* **Required action**
Copy out exactly the lines spanning the line with "Utah’s Green River" to the line with "σε σχήμα Π. |", inclusive, from the data underneath, with no pictures.

* **Available data**
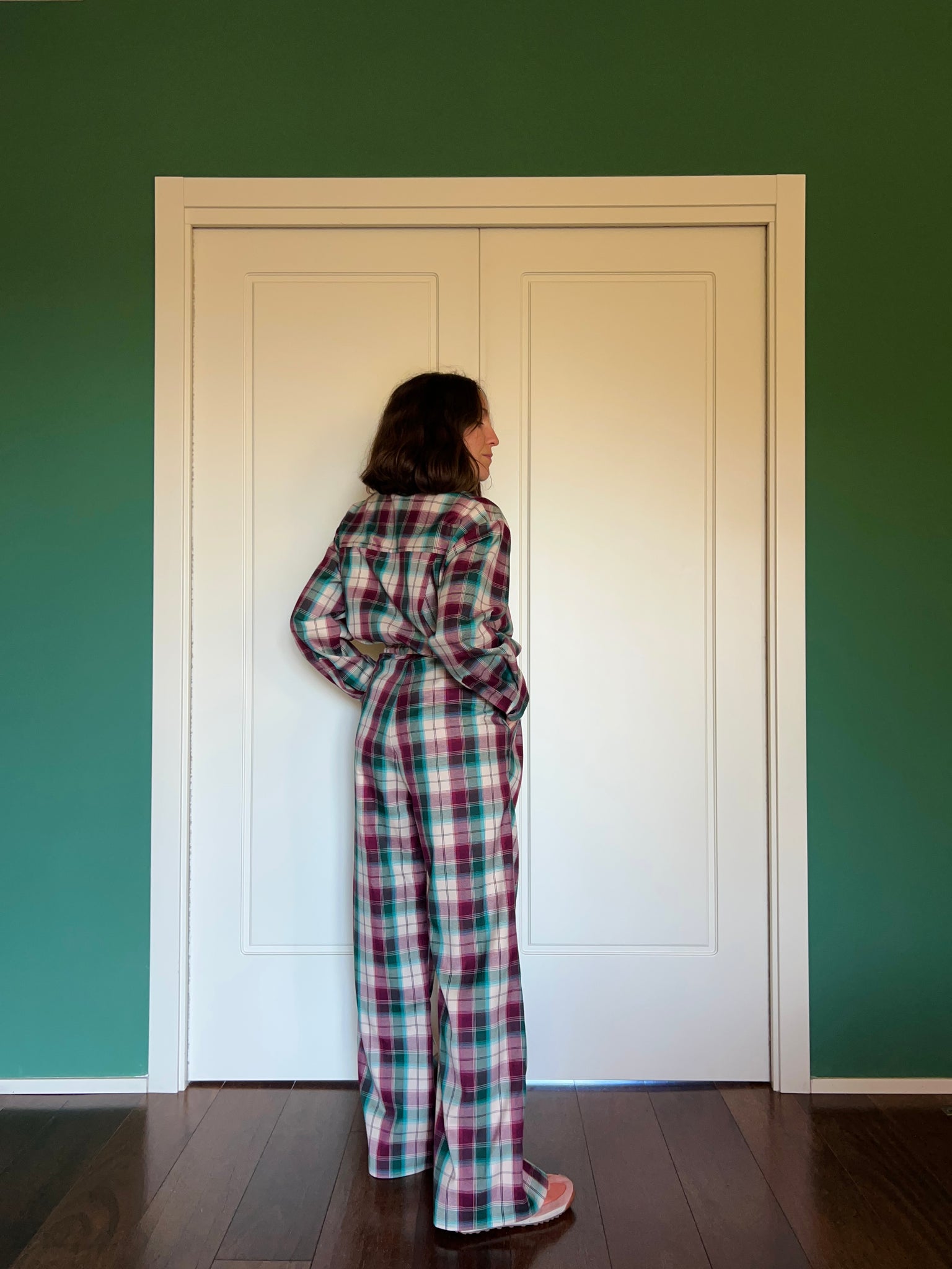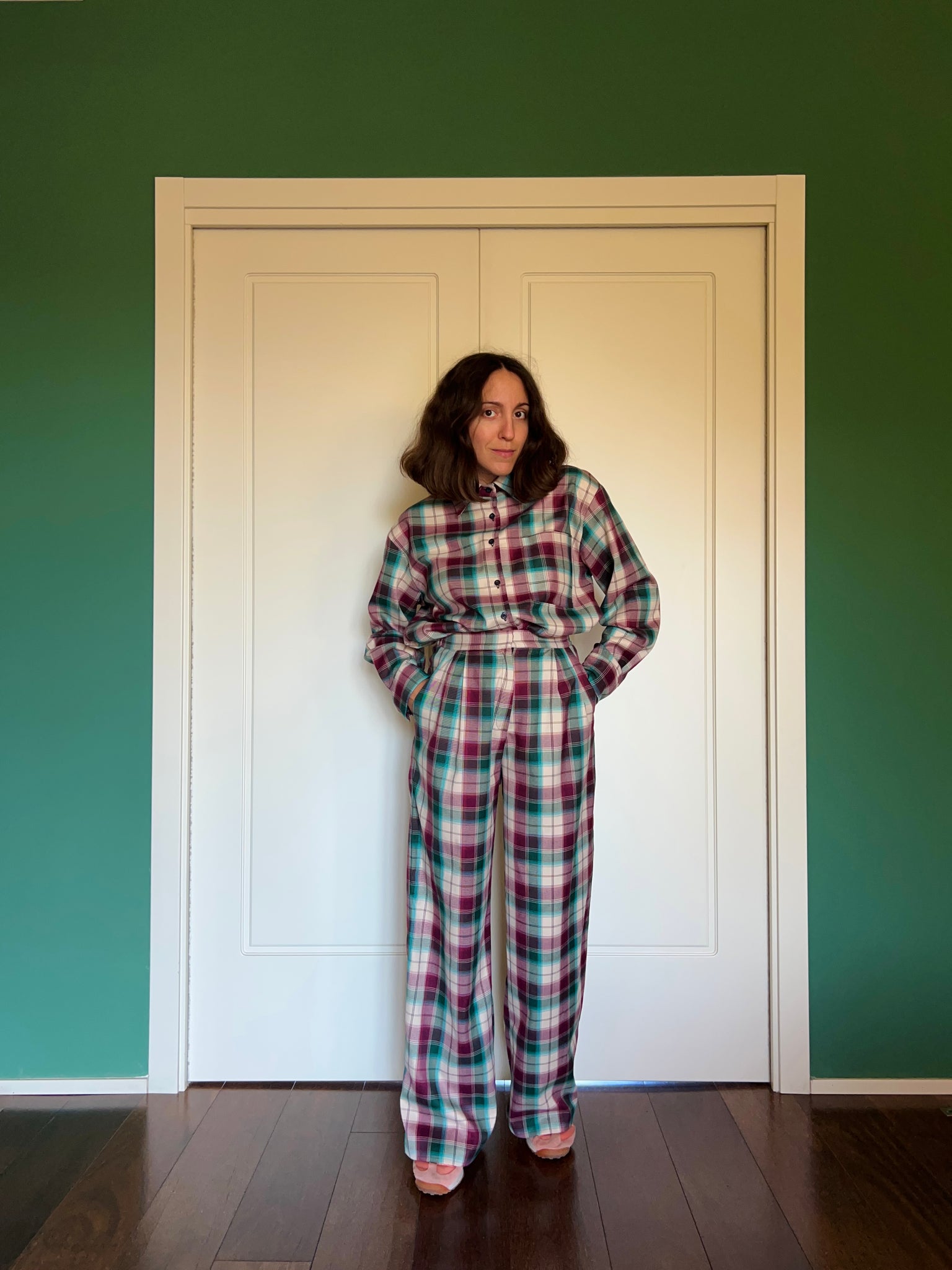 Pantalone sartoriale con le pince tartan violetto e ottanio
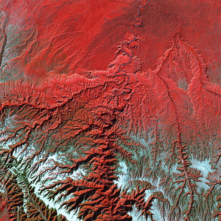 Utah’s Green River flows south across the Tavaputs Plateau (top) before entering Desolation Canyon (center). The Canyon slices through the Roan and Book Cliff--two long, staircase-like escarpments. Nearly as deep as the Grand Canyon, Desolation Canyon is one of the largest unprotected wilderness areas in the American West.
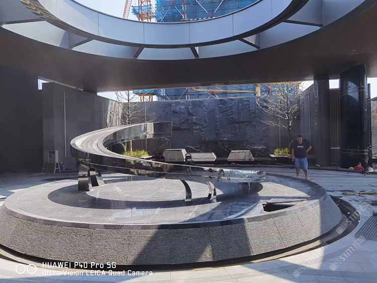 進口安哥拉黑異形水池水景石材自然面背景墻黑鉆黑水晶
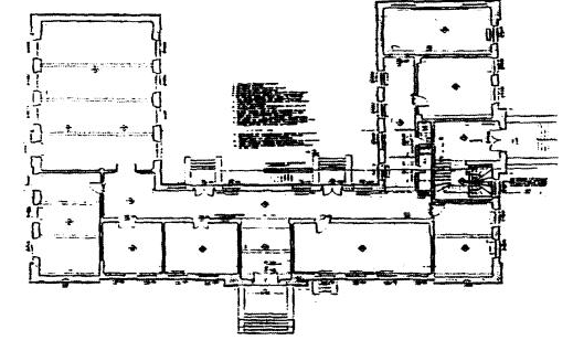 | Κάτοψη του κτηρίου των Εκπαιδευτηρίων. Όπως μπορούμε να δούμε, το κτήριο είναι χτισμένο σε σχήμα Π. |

==

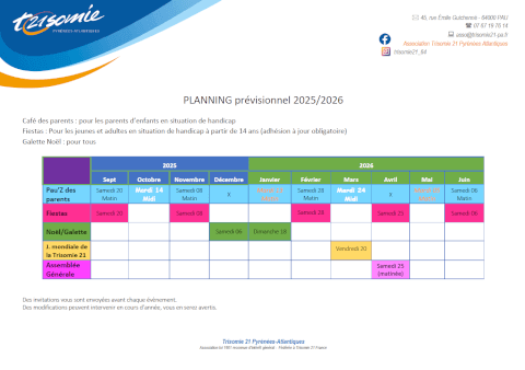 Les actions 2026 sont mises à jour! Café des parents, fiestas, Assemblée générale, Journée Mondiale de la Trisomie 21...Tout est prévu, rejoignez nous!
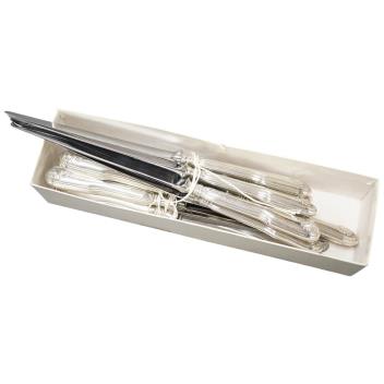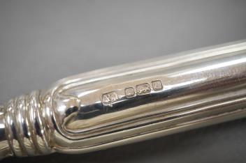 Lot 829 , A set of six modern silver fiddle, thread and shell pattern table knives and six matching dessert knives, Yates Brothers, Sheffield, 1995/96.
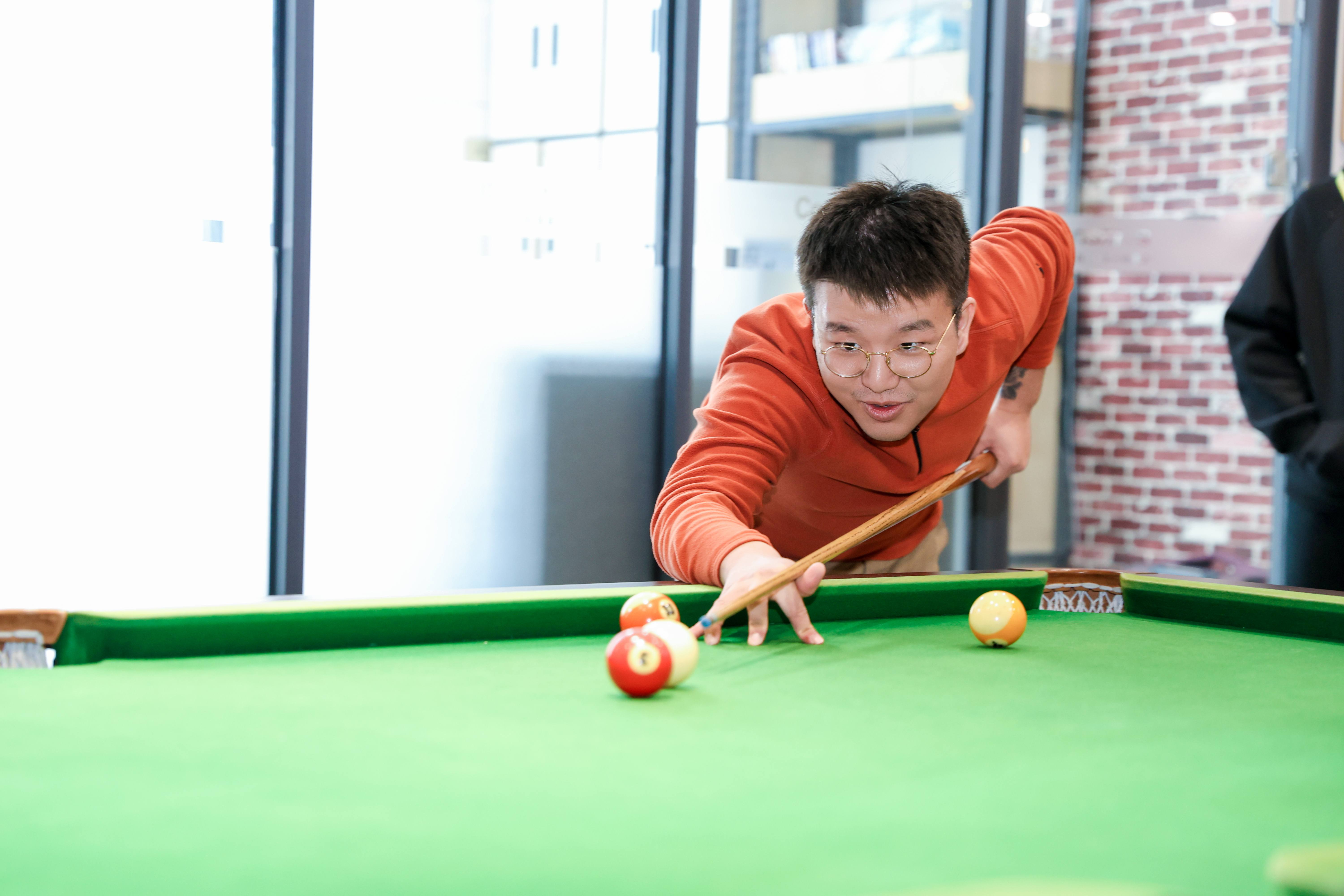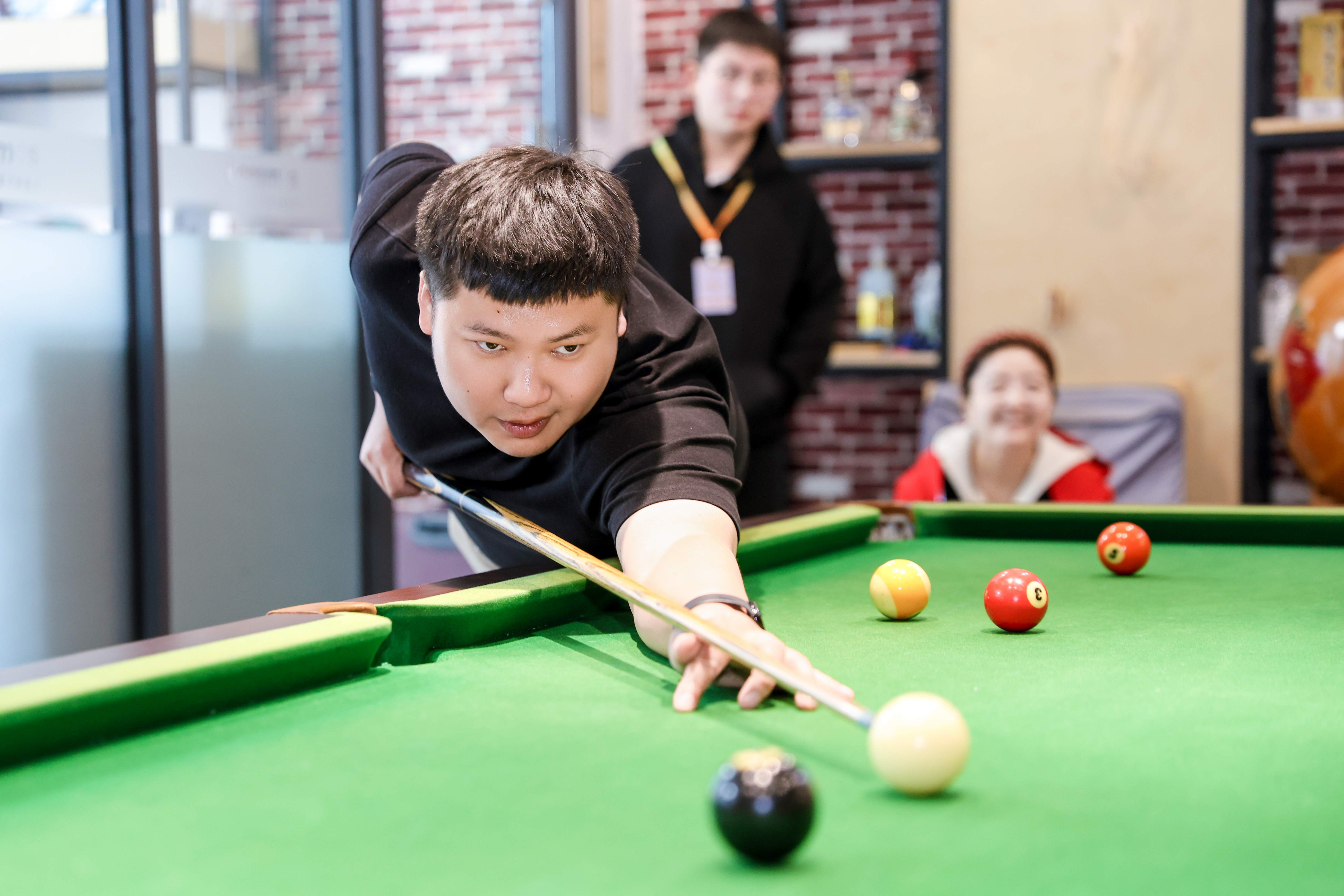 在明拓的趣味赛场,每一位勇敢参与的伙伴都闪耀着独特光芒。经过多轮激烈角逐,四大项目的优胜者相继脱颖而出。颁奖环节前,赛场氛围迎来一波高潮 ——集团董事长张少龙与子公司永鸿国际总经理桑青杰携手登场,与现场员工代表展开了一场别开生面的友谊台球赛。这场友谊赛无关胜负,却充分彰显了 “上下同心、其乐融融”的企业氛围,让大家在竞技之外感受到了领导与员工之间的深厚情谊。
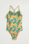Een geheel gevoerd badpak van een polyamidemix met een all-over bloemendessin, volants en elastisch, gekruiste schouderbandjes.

* **Written answer**
 Utah’s Green River flows south across the Tavaputs Plateau (top) before entering Desolation Canyon (center). The Canyon slices through the Roan and Book Cliff--two long, staircase-like escarpments. Nearly as deep as the Grand Canyon, Desolation Canyon is one of the largest unprotected wilderness areas in the American West.
 進口安哥拉黑異形水池水景石材自然面背景墻黑鉆黑水晶
 | Κάτοψη του κτηρίου των Εκπαιδευτηρίων. Όπως μπορούμε να δούμε, το κτήριο είναι χτισμένο σε σχήμα Π. |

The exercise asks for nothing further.